When I was 12, I wanted to save the world. It seemed the natural career path, having already lost interest in growing up to be a marine biologist, mime or astronaut. Though I knew it was idealistic, it didn’t seem such an unreasonable aim at the time. I was a bright kid in one of those fancy, upper-middle class public schools with dedicated teachers who told me I could do anything if I put my mind to it. Photos of starving people halfway across the world upset me; I figured that I could volunteer my time and donate my money, without too much inconvenience to myself, and really get started on saving the world.
These days, I fight the urge to roll my eyes at the inordinate praise heaped on well-intentioned service groups like The Detroit Project and Dance Marathon. I cringe when I read articles headlines like Detroit Project sweeps away urban blight (04/03/2006). If the complex problems Detroit faces could be summed up as “urban blight” and could be “swept away” by 1,000 college students willing to pick up trash on one Saturday, don’t you think we would have taken care of that already?

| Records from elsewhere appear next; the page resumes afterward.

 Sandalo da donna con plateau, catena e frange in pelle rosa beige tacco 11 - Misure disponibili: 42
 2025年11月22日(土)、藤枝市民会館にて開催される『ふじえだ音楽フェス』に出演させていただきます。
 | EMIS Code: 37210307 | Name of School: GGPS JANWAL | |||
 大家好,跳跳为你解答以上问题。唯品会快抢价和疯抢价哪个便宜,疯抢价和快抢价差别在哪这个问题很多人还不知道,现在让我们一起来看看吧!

I’m still sorting out why I feel such unease with Dance Marathon. It is annoying, of course, to receive constant e-mails imploring me to do my Saturday-night drinking at this bar night or that as a way to get plastered for a good cause. But I suspect it’s more the fanfare and constant back-patting to keep up morale that gets to me. There’s the hierarchy of arbitrary positions and posts to keep people motivated and distract them from the fact that at the end of the day, they spend an entire year putting on a show to convince individuals and businesses to donate money. At the end of the day, $300,000 will help, but was gathering it in such a roundabout manner really the best use of everyone’s time?

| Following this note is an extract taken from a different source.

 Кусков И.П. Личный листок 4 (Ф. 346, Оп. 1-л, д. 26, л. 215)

My own desire to somehow save all the poor, sick and dying people around the world, to rescue them from the hell in which they certainly must live, didn’t fade away on its own. First realizing that my life was pretty privileged brought with it a lot of guilt, and it still does sometimes. But my initial reaction – to make up for things by helping out at soup kitchens when I had time, by “giving up” a whole week of my life each year to go fix up houses in the mountains – missed the point.
It took a few of those weeklong service trips to beat that notion out of my head. The biggest blow came when the culmination of one week spent trying to help build a wheelchair ramp was no more than a dozen three-foot-deep holes and a broken sewer line. I was not a construction worker; the time it took to show me how to properly wield a hammer could have been more effectively spent actually building things. Working my part-time job for a week and donating the money would have probably done more in the sense of tangible benefit, though I wouldn’t have gotten a nifty T-shirt.
But that warm, fuzzy feeling we get from volunteering is intoxicating. It does feel good to do something – and to know that digging ditches in Kentucky was more helpful than getting drunk in Cancun. Combine it with this sense of one’s own privilege, that the time and money needed to volunteer is a luxury not all have, and you’ve got the perfect conditions for a whole lot of self-congratulation.
Does that mean we shouldn’t do what we can, that we should just worry about ourselves? Of course not. But just as it’s dangerous to let ourselves shirk away from the pain we feel when we recognize how fortunate we are, it’s important to be careful of that feeling bordering on condescension that regards those less wealthy than us as helpless and in dire need of a day or a week of our precious time.
I’m not saying Dance Marathon and DP Day are not worthy pursuits – at the very least, the scale of these projects draw in people and groups who might not otherwise get involved. But I was relieved to read the letter in the Daily yesterday (Daily coverage of DP Day misleading on many levels) revealing that DP leadership does try to contextualize DP Day as a time to bring together members of different communities, not for University students to “fix” Detroit.
The changes necessary to remedy society’s inequalities and injustices go beyond a lack of volunteers. It will take alliances between organizations and communities, not a bunch of well-meaning college students, to bring about a significant change. I can raise money, try to educate others, head off on service trips and learn about issues I might not encounter otherwise. But it takes a fair assessment of the impact, both positive and negative, that volunteers have on the communities and individuals to fully understand what service means and what it can do.
Whether a relief or a burden, it’s not our place to save the world.